É de se indagar, nesse sentido, qual a razão para que os membros do Ministério Público junto ao TCDF, guardiões que deveriam ser das contas públicas e que têm por obrigação funcional conhecer e aplicar as normas legais, em especial as financeiras e orçamentárias, tenham levado adiante essa pretensão, com vista a perceber vantagem, sem qualquer respaldo legal, no valor R$ 11.229,70 para cada 30 dias de substituição, e que representa um terço de seus subsídios, hoje na ordem de R$ 33.689,10 [3].

Sim, porque o artigo 130 da Constituição Federal, invocado como fundamento de validade para a resolução, jamais teve o alcance que se quis dar, sendo certo que o STF já se pronunciou sobre o tema, em sede de controle abstrato de constitucionalidade, há pelo menos 26 anos, de sorte que a ninguém é dado desrespeitar deliberadamente as decisões judiciais, sobretudo as que gozam de eficácia erga omnes, por simplesmente não concordar com elas, nem, tampouco, afirmar desconhecimento jurídico, ainda que por inépcia, para obter vantagens ilícitas e se desonerar das responsabilidades nos âmbitos civil, administrativo e penal.

Ademais, ainda que se pudesse admitir a interpretação sustentada pelos membros do Ministério Público que atuam junto ao TCDF, no sentido de gozarem, por simetria, de direitos e vantagens pessoais conferidos às carreiras do Ministério Público comum, é de fácil conclusão que a seção na qual se insere o referido dispositivo constitucional não faz referência à gratificação de substituição ou assegura qualquer equiparação remuneratória, garantindo apenas a vitaliciedade, a inamovibilidade e a irredutibilidade do subsídio, de modo a se depreender que a referida vantagem pecuniária, consoante prevê a Lei Orgânica do Distrito Federal, só poderia ser auferida, em observância ao princípio da reserva legal, mediante a edição de lei específica.

O deliberado descumprimento da lei, com a obtenção de vantagens indevidas, por aqueles que deveriam ter redobrada vigilância, ao passo de atrair a necessária investigação pelos órgãos de controle, de forma a aferir a legalidade, e a probidade, dos atos praticados, impõe a adoção das medidas judiciais pertinentes para o ressarcimento ao erário, e sem que caiba, à míngua de boa-fé, alegar a natureza alimentar dessas verbas e seu suposto caráter irrepetível, pois, é necessário frisar novamente, cuida-se de matéria já julgada e exaustivamente enfrentada pelo STF, não restando a menor dúvida sobre os seus contornos jurídicos.

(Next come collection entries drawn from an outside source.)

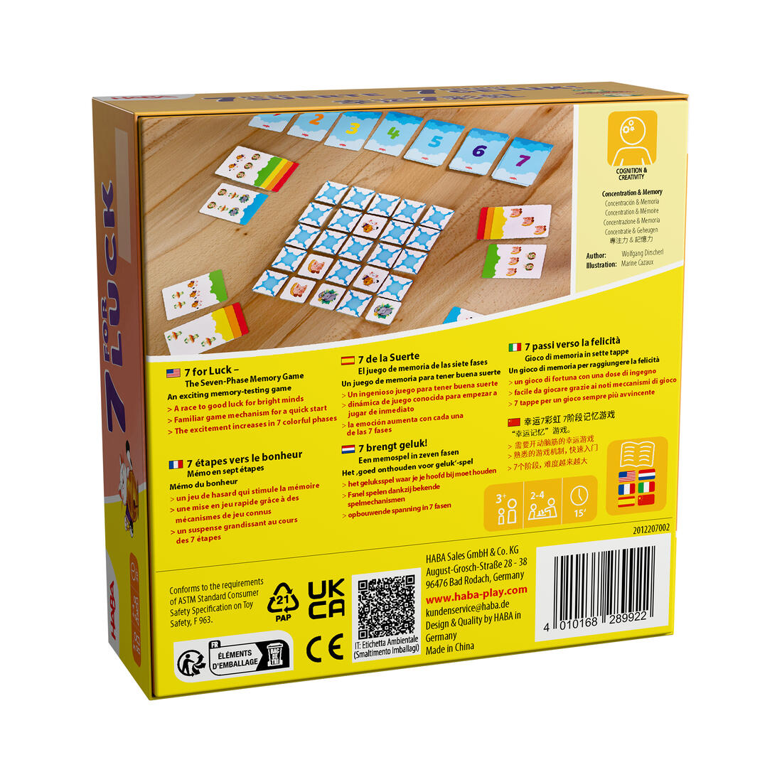 Op naar het geluk aan het einde van de regenboog! De weg daarheen loopt via 7 opdrachtkaarten en het onthullen van de gezochte geluksdieren. Wie als eerste alle 7 fasen beheerst, wint. Het 'goed onthouden voor geluk‘-spel!
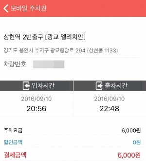 차가 다가가자 전광판엔 '아이파킹회원 6000원'이 표시되는 동시에 차단기가 열렸다. 입차 때와 마찬가지로 스마트폰에 출차와 정산이 완료됐다는 푸시 알림이 떴다. 등록된 신용카드에서 주차비가 결제됐다는 문자도 함께 들어왔다.
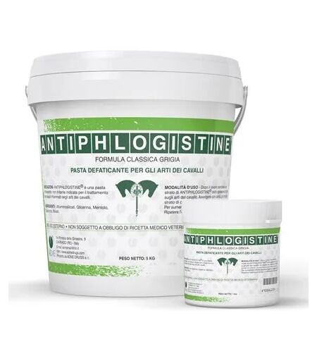 ANTIPHLOGISTINE - Descrizione Pasta dietetica per gli arti dei cavalli. Prodotto indicato come supporto della decongestione (anche in caso di edema) delle strutture legamentose e tendinee degli arti del cavallo. Modalità d'uso Prima di un lavoro gravoso, il prodotto può essere applicato sugli arti … ...
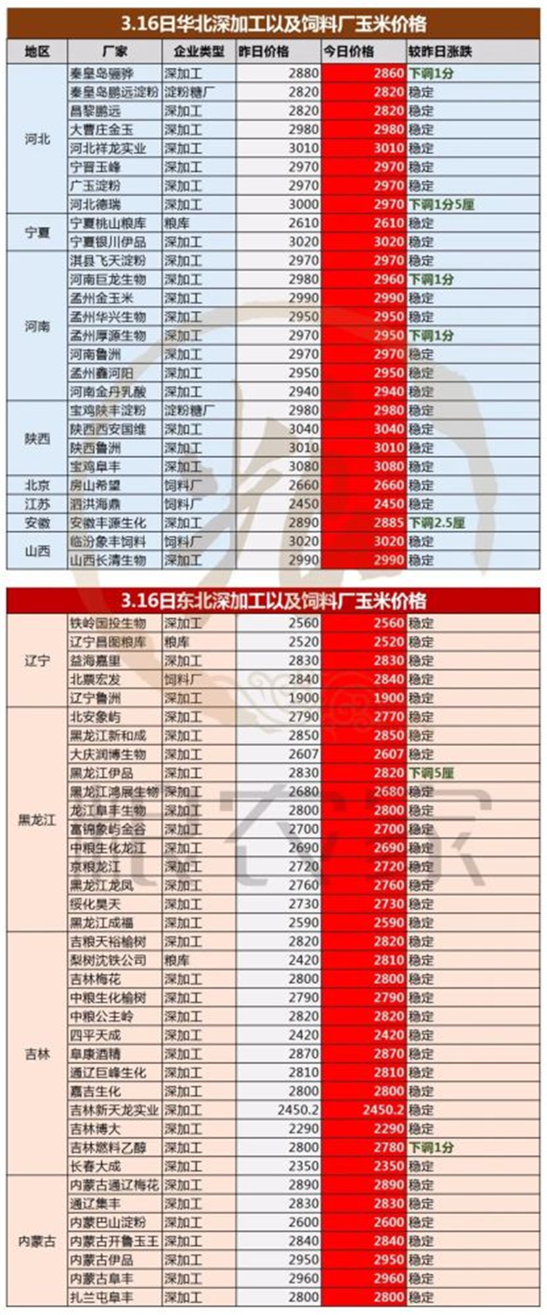 东北地区今日深加工企业玉米收购价格较昨日继续下跌,一方面恐慌性售粮情绪严重,集中售粮造成价格踩踏;另一方面随着产区气温继续回升,玉米储存难度加大,继续上量,
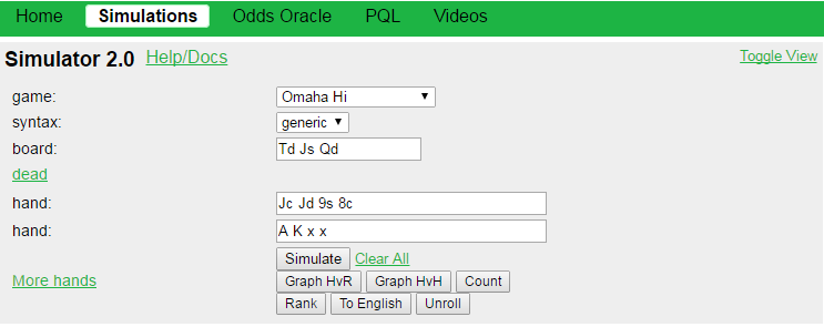 我们需要把这些数据填入一个PLO胜率计算器。我建议使用目前最好的免费软件:http://www.propokertools.com/simulations。
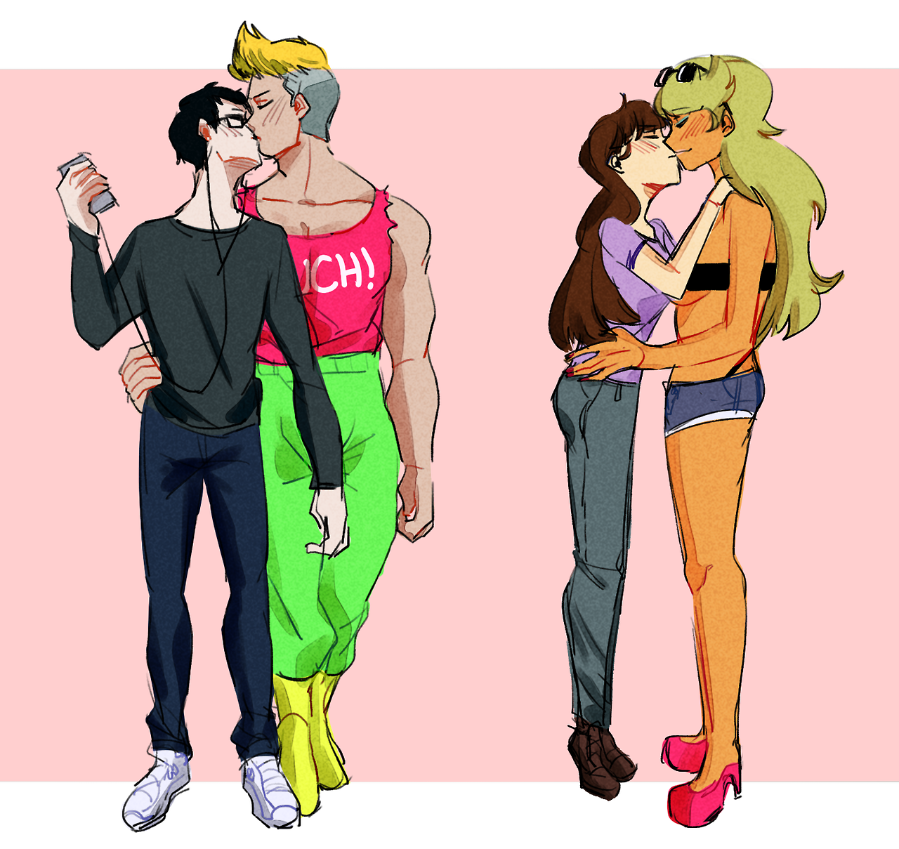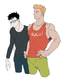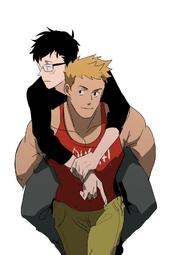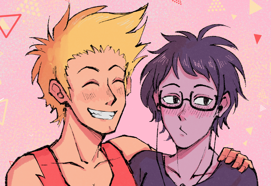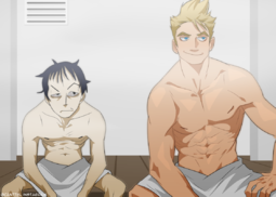 Also reminds me of 4chan board-chan bl, especially /fa/ x /fit/
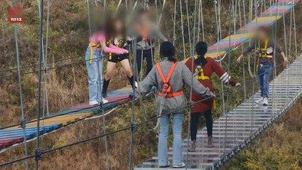 据了解,发生事故的“步步惊心”游乐项目,是近年来新兴的一种高空挑战玩法,大多建设在峡谷、河流上方,桥面由一块块隔板组成,游客穿戴安全带,迈步通过。
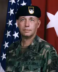 Bowra was assigned command of the U.S. Army Special Forces Command (Airborne) in May 1996 where he helped to develop the first human rights policy for US special forces soldiers.[1] Bowra was given command of the John F. Kennedy Special Warfare Center and School in March 1998 and in March 2000 was deputy-commander of the NATO headquarters of Kosovo Force (KFOR) with responsibility for overseeing all KFOR operations (including Russian forces) and providing support for elections in the country. He was appointed assistant chief of staff of NATO's Allied Forces Northern Europe in January 2001 and was simultaneously the senior American military representative to the Netherlands. Bowra retired from the army as a major-general on 1 October 2003. He now works for the State Department as a diplomat at the US embassy in Saudi Arabia.[1] Bowra has written about the Vietnam and Cambodian wars.[2]
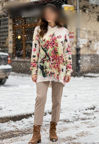 بلوز بافت وارداتی زنانه فری سایز تا ۴۶۴۸ طرح شکوفه
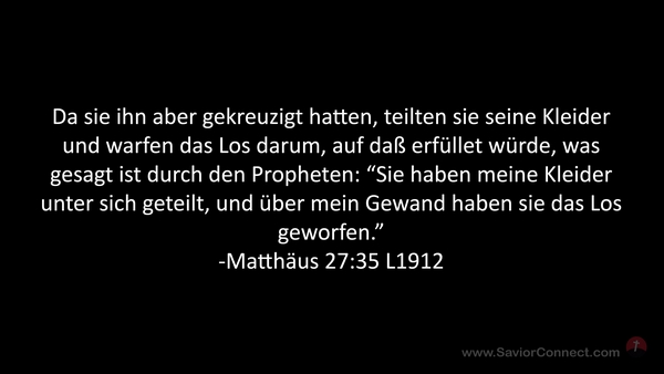 Da sie ihn aber gekreuzigt hatten, teilten sie seine Kleider und warfen das Los darum, auf daß erfüllet würde, was gesagt ist durch den Propheten: “Sie haben meine Kleider unter sich geteilt, und über mein Gewand haben sie das Los geworfen.” -Matthäus 27:35 L1912
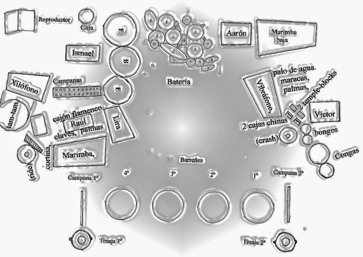 Llanto por el Mar nuestro, precisa de cuatro bloques metálicos tipo yunques, golpeados con mazas de cierto calibre, quizá lo más fácil y económico, sean cuatro trozos de viga de acero, que se pueden conseguir en cualquier casa de derribos de segunda mano, donde también te las pueden cortar a la medida deseada, aunque también las puedes pedir nuevas por encargo en una metalurgia, pudiendo encargar las que más convengan en sonoridad y comodidad.Para esta pieza he previsto dos opciones distintas, bien se puede interpretar con cada instrumentista en su set, o también con un montaje similar al de la introducción, situándose los cuatro instrumentistas en el mismo espacio que ocuparon los barreños, y quizás también se puedan aprovechar los mismos soportes de los barreños, iluminando paulatinamente la entrada de cada instrumento, ya que las entradas también son fugadas, hecho que enlaza con la introducción, dotando de simetría al conjunto del espectáculo.En este caso el problema consistiría en decidir el momento de montaje de los yunques en el centro del escenario, ya que quizás no interese que se encuentren ahí desde el principio de la actuación, por ello he previsto dos electroenlaces con una duración de dos minutos y medio, para poder realizar el montaje y el desmontaje de los sets. Sería de gran efecto poder apagar las luces del escenario, dando relevancia al audiovisual, y que en el momento adecuado se fueran iluminando cada uno de los yunques.Estos enlaces electrónicos hacen la función de puente ya que nos acercamos al momento central del espectáculo donde cambiamos de estilo y sentimiento, así el primero de ellos reúne elementos de la primera parte, y el segundo electroenlace desarrolla el tema propuesto en el llanto por el mar nuestro, tema que yo mismo grabé con una cantante turca y que tengo registrado en la SGAE, como arreglo de una música popular turca llamada Kirmizi Gul. Los cuatro primeros golpes del yunque del audio pueden ser usados a modo de claqueta para la primera entrada, a partir de la cual cada músico seguirá al anterior. He indicado en la partitura los golpes de yunque que deben sonar a tempo con el audio.
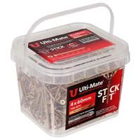 Patented Stick-Fit drive system allows smooth, stable driving and one-handed installation 2x high-quality Stick-Fit Driver Bits included in every Trade Tub Drive system 100% compatible with POZI and Phillips driver bits Type-17 'slash' point to drive through the hardest timber Double-angle self countersinking head 700 Screws & 2x Stick-Fit Driver Bits The Ulti-Mate Wood Screw is a trade-quality, high-performance woodscrew that can be used for fixing hardwood, softwood, man-made timber boards (e. g. MD...
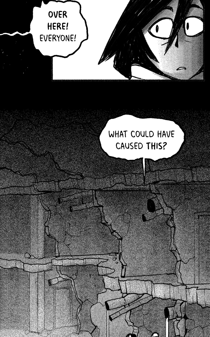 The group carefully make their way through a path of destruction and find an ominous room.
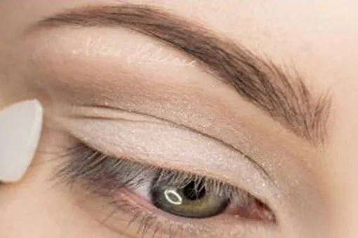Для начала выдели внешний уголок глаза и нижнее веко бежевыми тенями.
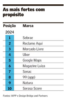 Luciana Cruz, curadora do curso Comunicação e ESG da ESPM, assinala que as dez marcas mais lembradas "têm conexão com pessoas de renda mais baixa e podem ser consideradas, de certo modo, 'populares'. Todas oferecem produtos e serviços acessíveis, para atender necessidades essenciais, seja de consumo, inclusão financeira ou oportunidade de crescimento profissional".
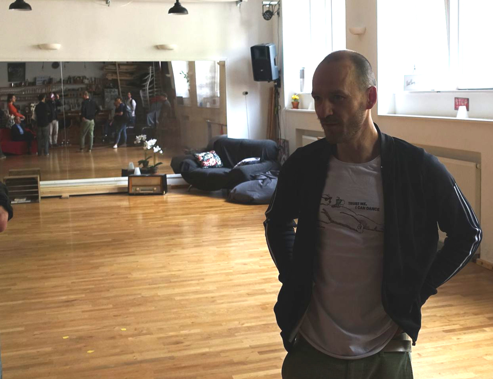 Jens Rahnfeld ist seit 2017 mit seinem Jam-Circle-Team im Savoy-Club, dem Tanzstudio im Zentralwerk, zu Hause. Auch er konnte von der Kreativraumförderung profitieren. Statt kniefeindlichem Beton gibt es jetzt einen leicht federnden Holzfußboden für die Tänzerinnen und Tänzer, für die Kontrolle der Tanzbewegungen eine Spiegelwand. „Das hätte ich mit eigenen Mitteln nicht stemmen können“, sagte Jens Rahnfeld. Um die Umsatzeinbußen während der Coronazeit zu kompensieren, habe er sich Technik zum T-Shirt-Bedrucken angeschafft. Jetzt hoffe er aber auf eine schnelle Wiederbelebung der Tanzkurse und träumt davon, in der nächsten Zeit auch wieder international besetzte Tanzworkshops durchführen zu können. Der Ballsaal des Zentralwerks sei dafür bestens geeignet. „Das kommt wieder“, zeigte er sich zuversichtlich.
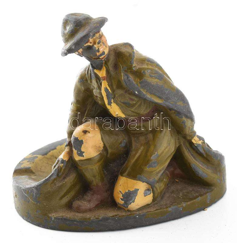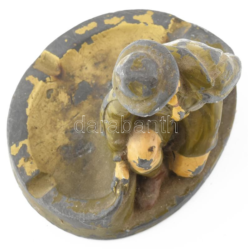 Cserkész ón figurális hamutál. Festett, kopott 12 cm

Existem, ainda, outros tantos temas envolvendo a atuação dos Tribunais de Contas, e seus limites, que desafiam análise, a exemplo da possibilidade de emitir provimentos de natureza cautelar e decisões com caráter normativo e vinculante, bem como responsabilizar advogados públicos por suas manifestações jurídicas, imiscuir-se no controle sobre o mérito administrativo e, até mesmo, exercer exames estritos de legalidade e de constitucionalidade [4].

Os referidos assuntos serão abordados em um segundo artigo, em continuidade à reflexão que ora se propõe.

 


[1] Para a primeira situação, o Distrito Federal impetrou suspensão de segurança perante o STF, distribuída sob nº 5.416 – DF, cujo pedido liminar de contracautela foi concedido para obstar os efeitos de tutela antes concedida pelo TJDFT em mandado de segurança impetrado pelos membros do Ministério Público que atuam junto ao TCDF, e que tem por objetivo obrigar membros do Poder Executivo local a fornecer documentos e informações diretamente a eles e sem a participação ou deliberação do plenário do TCDF. A medida judicial baseia-se, então, em três premissas: (i) o Ministério Público de Contas é parte integrante do Tribunal de Contas; (ii) quisesse o constituinte que os procuradores dos MPs de Contas tivessem atribuições idênticas aos membros do Ministério Público da União e dos Estados, teria, logicamente, inserido no feixe de competência desses ramos do Ministério Público a função de oficiar junto às Cortes de Contas, o que não fez; (iii) a atividade de controle externo prevista no artigo 71 da Constituição Federal, inclusive quando dotada de caráter preparatório, cabe aos próprios Tribunais de Contas, não sendo compartilhada com os Ministérios Públicos de Contas integrados às suas estruturas.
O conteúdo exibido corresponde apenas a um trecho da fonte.